A perfect number is a number for which the sum of its proper divisors is exactly equal to the number. For example, the sum of the proper divisors of 28 would be 1 + 2 + 4 + 7 + 14 = 28, which means that 28 is a perfect number.

A number n is called deficient if the sum of its proper divisors is less than n and it is called abundant if this sum exceeds n.

As 12 is the smallest abundant number, 1 + 2 + 3 + 4 + 6 = 16, the smallest number that can be written as the sum of two abundant numbers is 24. By mathematical analysis, it can be shown that all integers greater than 28123 can be written as the sum of two abundant numbers. However, this upper limit cannot be reduced any further by analysis even though it is known that the greatest number that cannot be expressed as the sum of two abundant numbers is less than this limit.

Find the sum of all the positive integers which cannot be written as the sum of two abundant numbers.

The Solution

We'll start out by stealing the findDivisors and sumDivisors functions from Problem 21

let intsqrt i = int(sqrt(float i))

let findDivisors n =
    let upperBound = intsqrt n
 
    [1..upperBound]
    |> Seq.filter (fun d -> n % d = 0)
    |> Seq.collect (fun d -> [d; n/d])
    |> Seq.filter (fun d -> d <> n)
    |> Seq.distinct

let sumDivisors n = findDivisors n |> Seq.sum

Next, we'll figure out if a number is "abundant" and use it to find all the abundant numbers < 28123. We only care about abundant numbers in this range because the (somewhat wordy) problem definition tells us that all the numbers we're looking for are less than 28123. Thus, even though there may be "abundant numbers" greater than this, we don't care about them.

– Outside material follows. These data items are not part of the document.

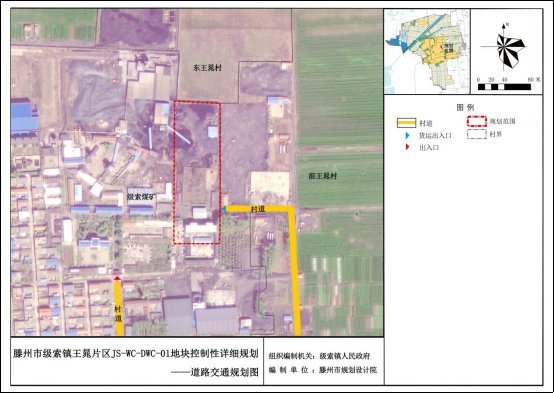 三、道路系统:地块出入口通过级索镇东王晁村东西走向的中心大街,向北可至省道S320,向西可至省道S104,经由村道连接周边村庄,由省道S320连接滕州城区。
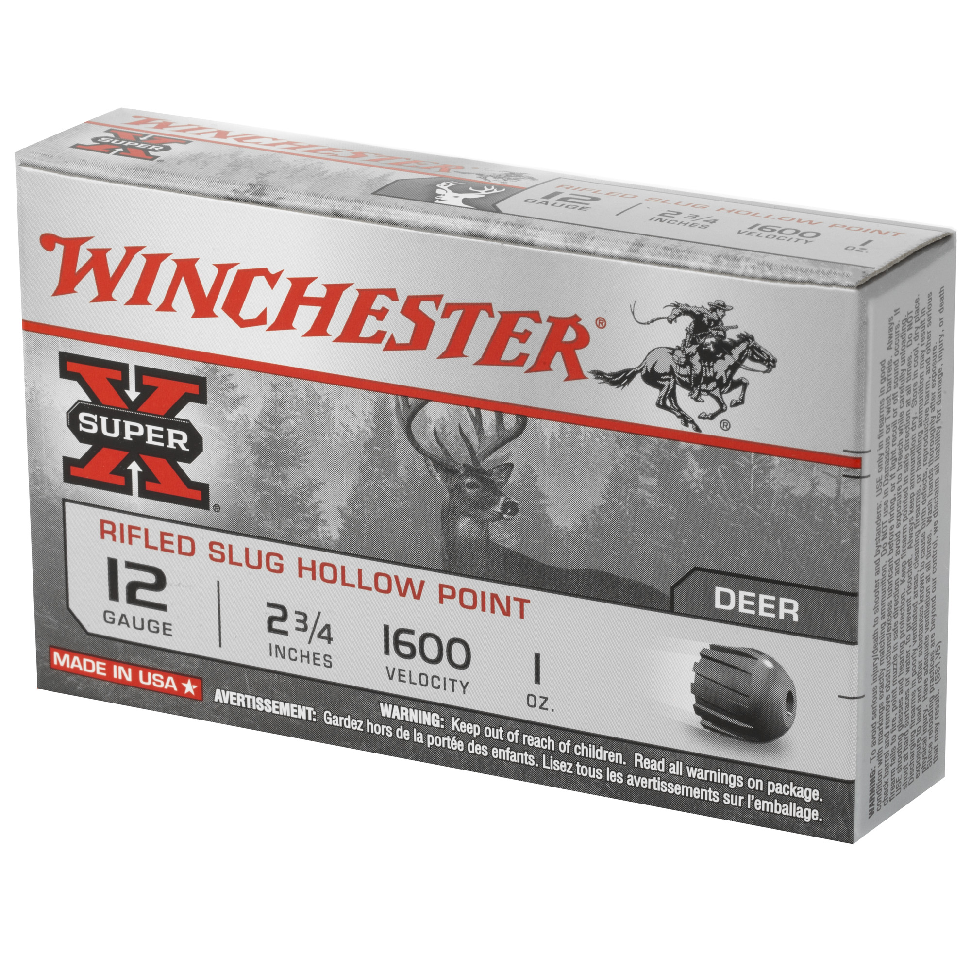 ATTRIBUTES: 12 Gauge 2.75, Winchester Ammunition, Super-X, 1 oz, Rifled Slug, 5, 250
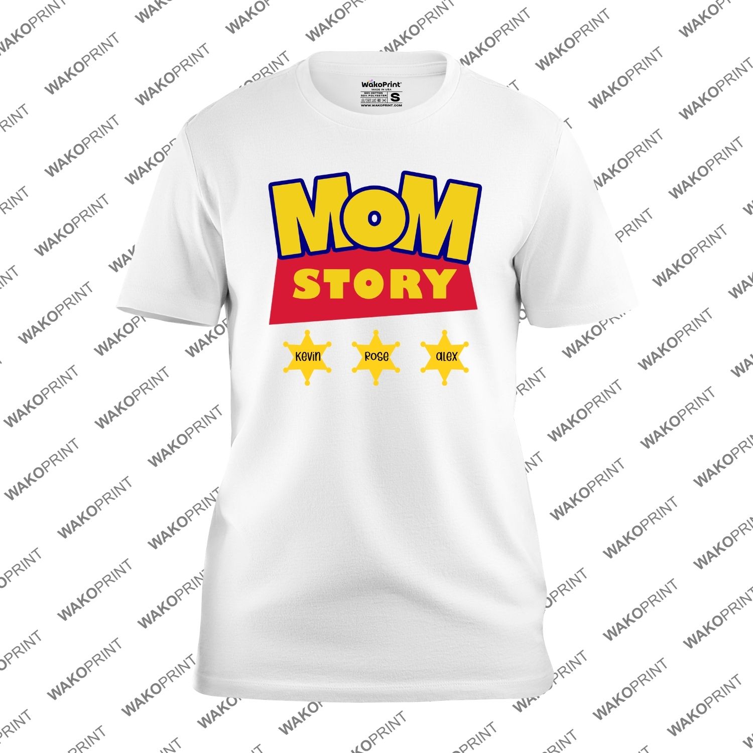 Personalized “Mom Story” T-Shirt with Fun Iconic Design, Kids’ Names & Custom Name on the Back – Unique and Creative Gift for Mom for Any Occasion
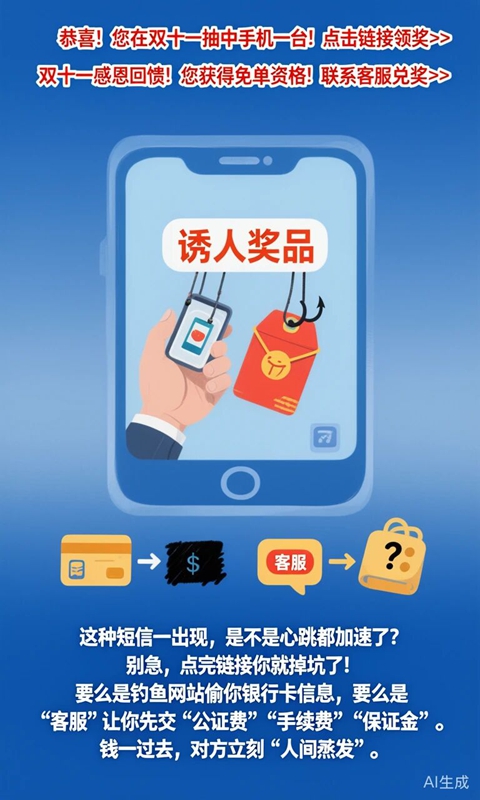 “恭喜!您在双十一抽中手机一台!点击链接领奖>>”“双十一感恩回馈!您获得免单资格!联系客服兑奖>>”这种短信一出现,是不是心跳都加速了?别急,点完链接你就掉坑了!要么是钓鱼网站偷你银行卡信息,要么是“客服”让你先交“公证费”“手续费”“保证金”。钱一过去,对方立刻“人间蒸发”。
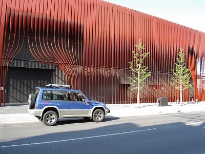 またしても合成てすが、このルーバーのような赤い壁もまた、青森市と思われます。青森港に対してベイブリッジの内側にある「青森市文化観光ねぶたの家ワ・ラッセ」の外壁ではないかと。実際には歩道なので乗り入れられませんが、暖簾をくぐるようなイメージのこの壁は金属です。ここで写真撮りたくなるんですよ。
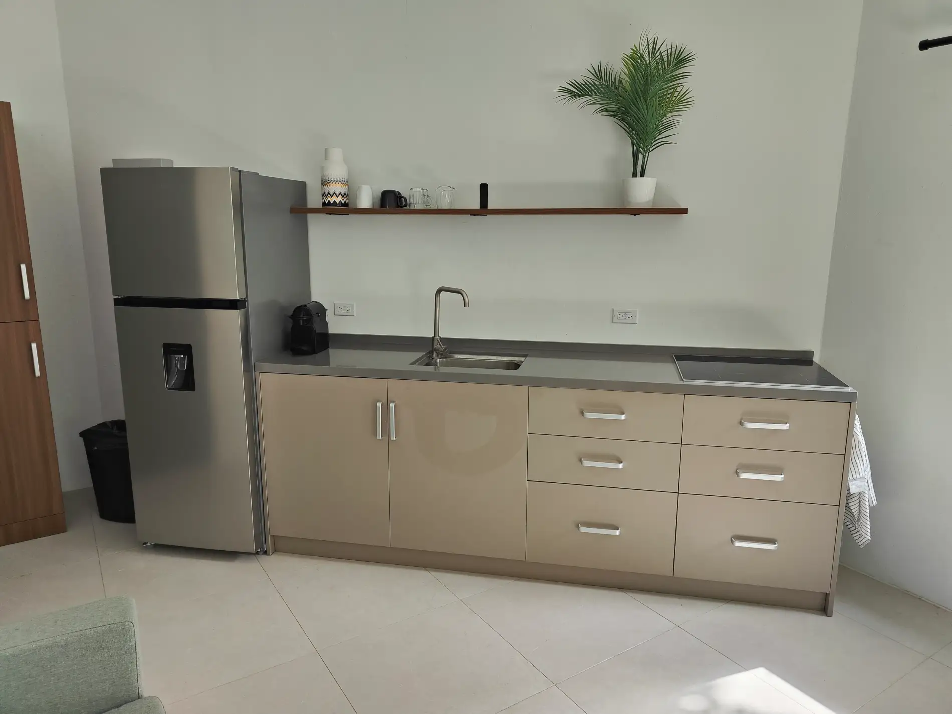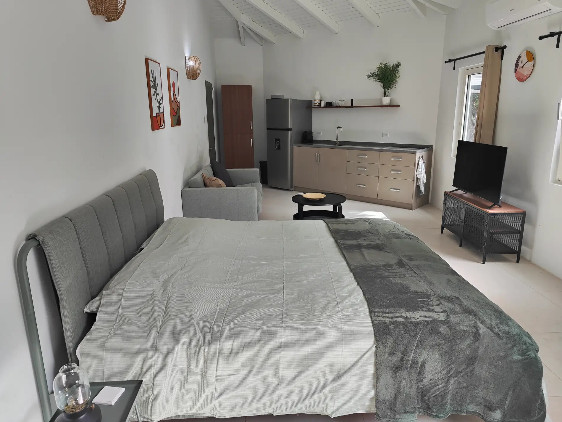 Bright and airy, Studio 55c is designed for relaxation. The studio includes a comfortable bed, practical closet space, and a kitchenette with fridge and stove for self-catering. With its quiet location, refreshing sea breeze, and Zeelandia Beach only a short walk away, it’s a charming choice for a stress-free stay.
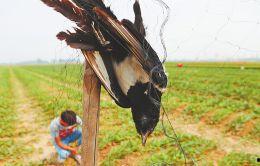 3. 人工驱赶:在瓜园周围挂上一些假人、稻草人等,或者定时在瓜园附近走动,制造人影,让喜鹊误以为有人类活动,不敢靠近。

let isAbundant n = sumDivisors n > n

let abundants =
    seq { 1..28122 }
    |> Seq.filter isAbundant
    |> Array.ofSeq

Next, we need a fast way to determine if a given number is the sum of two abundant numbers. We'll create a map by cross joining the array of abundants with itself, computing the sum of each pair, and building a map.

let crossSums = 
    seq {
        for a in abundants do
            for b in abundants do
                let sum = a+b
                yield sum,sum
    }

let sumMap = crossSums |> Map.ofSeq

With that map in hand, we can find the answer.

seq { 1..28123 }
|> Seq.filter (fun i -> not(sumMap.ContainsKey i))
|> Seq.sum

We simply filter out all numbers in the range that don't match one of our previously computed sums. Then we sum the remaining ones.